La réponse est non puisque des formes larvées d’esclavage, quand elles ne sont pas la survivance de traditions anciennes comme en Mauritanie, subsistent dans certains pays du Golfe persique. Les témoignages de personnes dignes de foi montrent que dans ces pays des hommes du 21e siècle agissent encore comme s’ils n’étaient pas concernés par la morale universelle. Employer des domestiques venus de pays du tiers monde, corvéables à merci et peu rémunérés ou produire des biens avec des quasis esclaves sous-payés comme en Chine communiste procède de cette même logique qui a produit l’esclavage dès l’Antiquité : s’enrichir à moindre cout. La situation de ces travailleurs-esclaves du 21e siècle n’est pas sans rappeler celle des ouvriers français que dénonçait en 1845 un contemporain de Victor Schœlcher.
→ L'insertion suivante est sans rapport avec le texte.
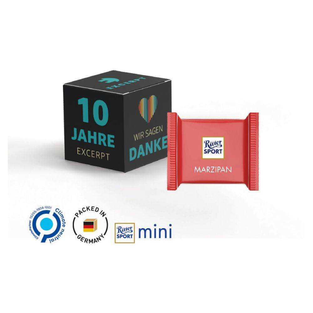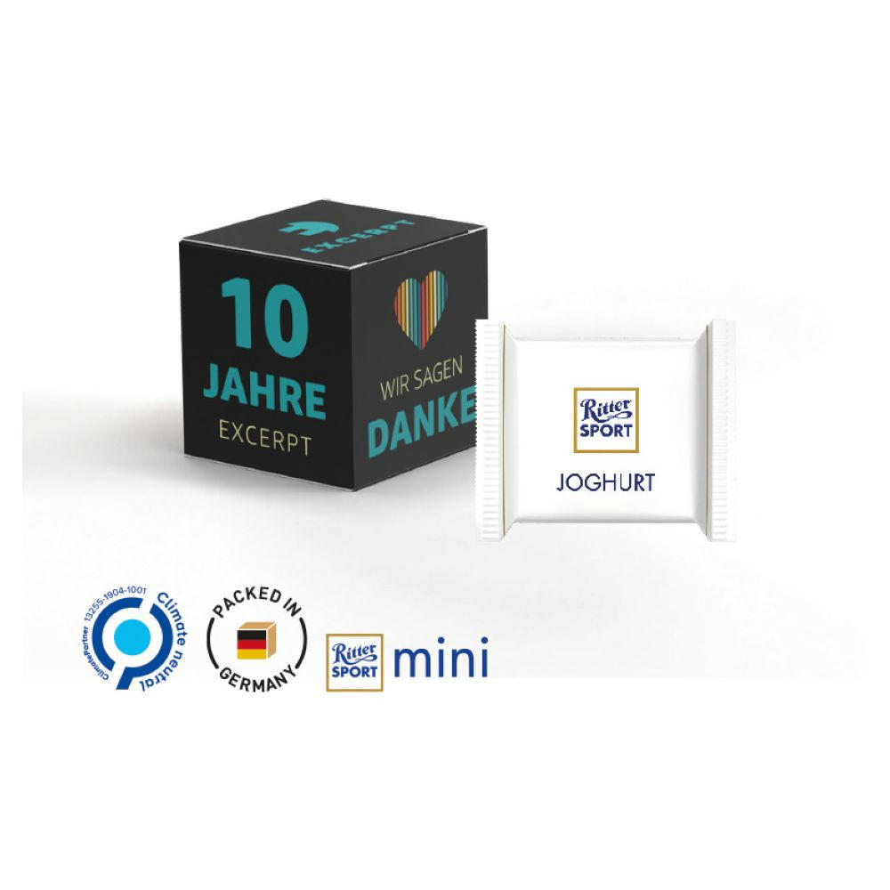 Würfelförmige Werbeverpackung aus weißem Karton, individuell bedruckt. Inhalt: Ritter SPORT Mini Schokolade, Edelvollmilch (nur sortenrein), 66 g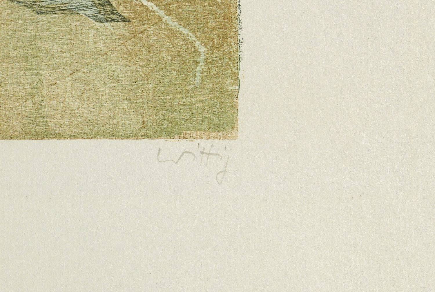 1981. Farbholzriss, in 3 Farben, auf rauem hellchamois Achat-Maschinenbütten. – Originale Künstlergrafik, von Werner Wittig. – Auflage Exemplar Nr. 58/150. – 24,5 x 29,4 cm (Darstellung / Druckstock), 38 x 50 cm (Blatt).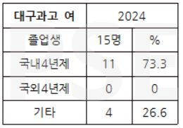 * 대구과고 2024 여학생 졸업자 15명 가운데 해외대학 진학자는 없고 11명이 국내 4년제 대학에 진학하여 73.3%의 진학률을 보입니다. 여학생 역시 여타 과고에 비해 상대적으로 진학률이 낮은 편입니다.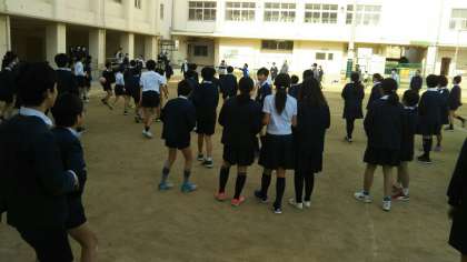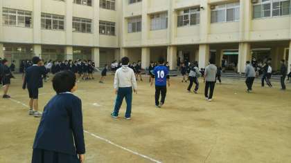 放課後、卒業式を8日後にひかえた6年生と教職員で、ドッジボールを楽しみました。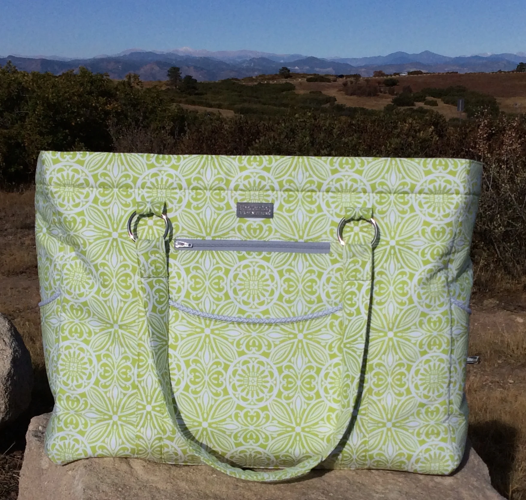 I think those mountains behind this Megan Travel Tote are calling! I think they are calling me! This pattern was a huge undertaking, so I might just have to pack up for a weekend getaway! ;)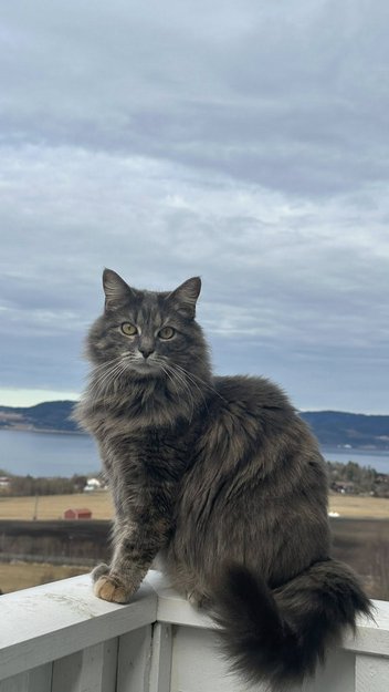 Silkemyk grå pels med innsalg av noe brunt og hvitt, stor hale . Er chippet.

Ce qu’Alphonse Karr (1) écrit (2) à ce sujet donne à réfléchir sur la condition des ouvriers chinois ou pakistanais d’aujourd’hui qu’aucun mouvement syndical puissant ne semble en mesure de soutenir et de défendre contre le capitalisme implacable :

« Un philosophe a donné cette raison de l’usage que l’on a dans presque toutes les villes de construire une grande maison, au-dessus de laquelle on écrit en lettres d’or : « Hospice pour les aliénés ». Cela, dit le philosophe, fait croire aux étrangers que les quelques douzaines de pauvres diables qui sont enfermés dans ces maisons sont les seuls aliénés que possède le pays et que tous ceux qui sont hors de ces maisons sont des gens pleins de raison et de bon sens. »
« Certes, l’esclavage, quelle que soit sa forme, est quelque chose d’odieux et d’inhumain ; je n’ai même jamais consenti à discuter le prétendu droit que des hommes s’arrogent sur la liberté d’autres hommes ; mais il me semble que les préoccupations qu’affichent tant de gens pour les esclaves des colonies pourraient bien avoir en réalité le but que le sage que j’ai cité prête aux hôpitaux de fous. Il semblerait, en effet, en voyant les représentants du pays s’occuper avec tant d’ardeur d’affranchir les nègres, - que tous les blancs sont libres, et que la France ne renferme pas des millions d’esclaves, plus esclaves et surtout plus malheureux que les que les nègres des colonies. – Il est vrai que les nègres qu’on affranchit sont en général les nègres d’autrui, et que les réformes qu’il faudrait apporter au sort des esclaves blancs pourraient toucher directement aux intérêts de ceux qui voteraient ces réformes, et qui, en conséquence, préfèrent ne pas les voter. Plus de la moitié des ouvriers, en France, sont plus malheureux que les nègres ; - et, si l’on ne peut pas faire davantage pour eux, il faudrait permettre à ceux qui méritent l’intérêt par leur bonne conduite, leur pauvreté et leur amour du travail, de passer nègres, en forme de réconfort et d’encouragement. C’est sans doute dans cet espoir qu’un grand nombre d’ouvriers français s’embarquent pour les colonies, - ainsi que le mentionnent les journaux. En effet, je le dis sérieusement, plus de la moitié des ouvriers français sont plus malheureux que les nègres. Le nègre malade est nourri et soigné par le maître, le nègre vieux ou infirme reste sur l’habitation et y trouve sa subsistance : - mais l’ouvrier malade, vieux ou infirme, doit mourir de faim - J’ai été ému en voyant ces pauvres gens (3) s’occuper d’autres misères que les leurs ».

La vision d’Alphonse Karr de la situation des esclaves aux Antilles est quelque peu démentie par la soif de liberté d’un Toussaint Louverture un demi-siècle plus tôt ou les révoltes répétées des esclaves américains ; par contre la misère noire des ouvriers français de son temps rappelle celle de leurs homologues de Grande Bretagne et des autres pays entrant dans l’ère industrielle. On peut espérer que dans les usines d’Asie produisant pour le monde entier des biens de consommation bon marché parce que fabriqués avec de faibles couts sociaux par des ouvriers mal payés, l’évolution suivra le même chemin de luttes qu’a connu le monde ouvrier en Occident où le combat n’est d’ailleurs pas terminé…

Alphonse Karr

Alphonse Karr

1. Karr (Alphonse) 1808-1890. Écrivain et chroniqueur français.
2. Les Guêpes, sixième série, juin 1845.
3. Karr fait référence à une pétition demandant l’abolition de l’esclavage signée par 9000 ouvriers.